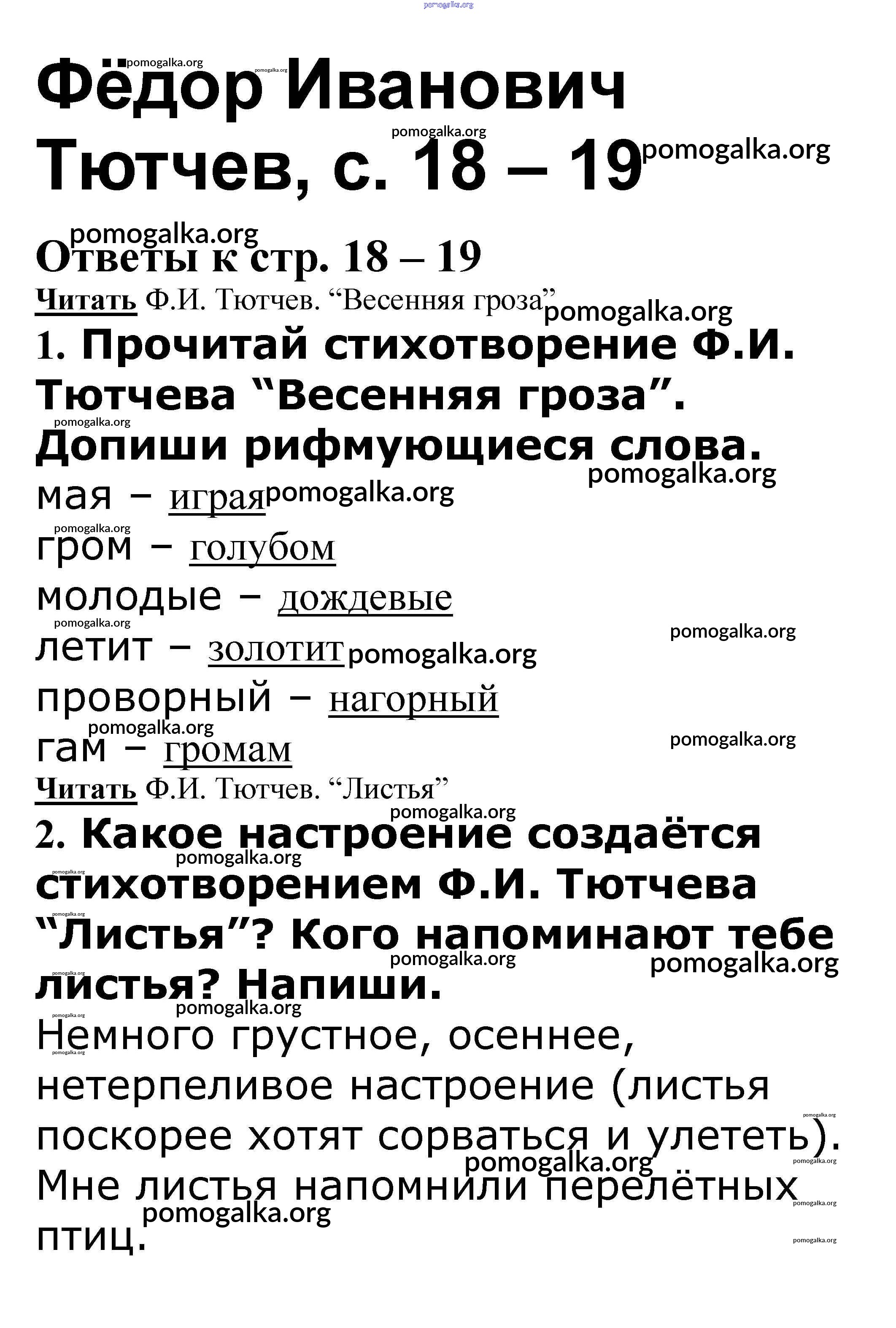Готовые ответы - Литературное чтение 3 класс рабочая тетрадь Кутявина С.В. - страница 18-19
──────
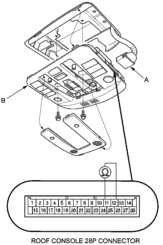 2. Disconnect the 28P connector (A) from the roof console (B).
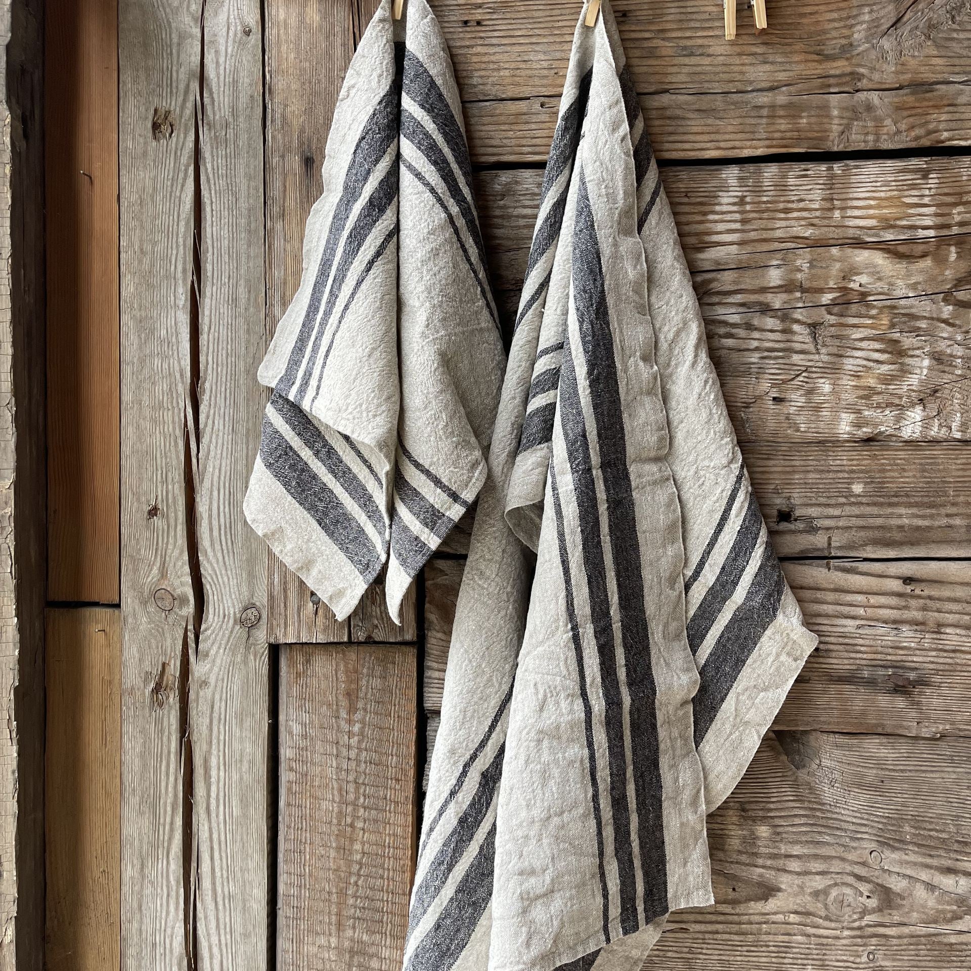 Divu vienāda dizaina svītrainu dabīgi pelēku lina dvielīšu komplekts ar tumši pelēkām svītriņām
──────
▶ _TASK OBJECTIVE_
Go to the line above holding "2. Disconnect the", then copy exactly each line down to and including the one holding "Divu vienāda dizaina", leaving pictures out.

▶ _EXERCISE RESPONSE_
 2. Disconnect the 28P connector (A) from the roof console (B).
 Divu vienāda dizaina svītrainu dabīgi pelēku lina dvielīšu komplekts ar tumši pelēkām svītriņām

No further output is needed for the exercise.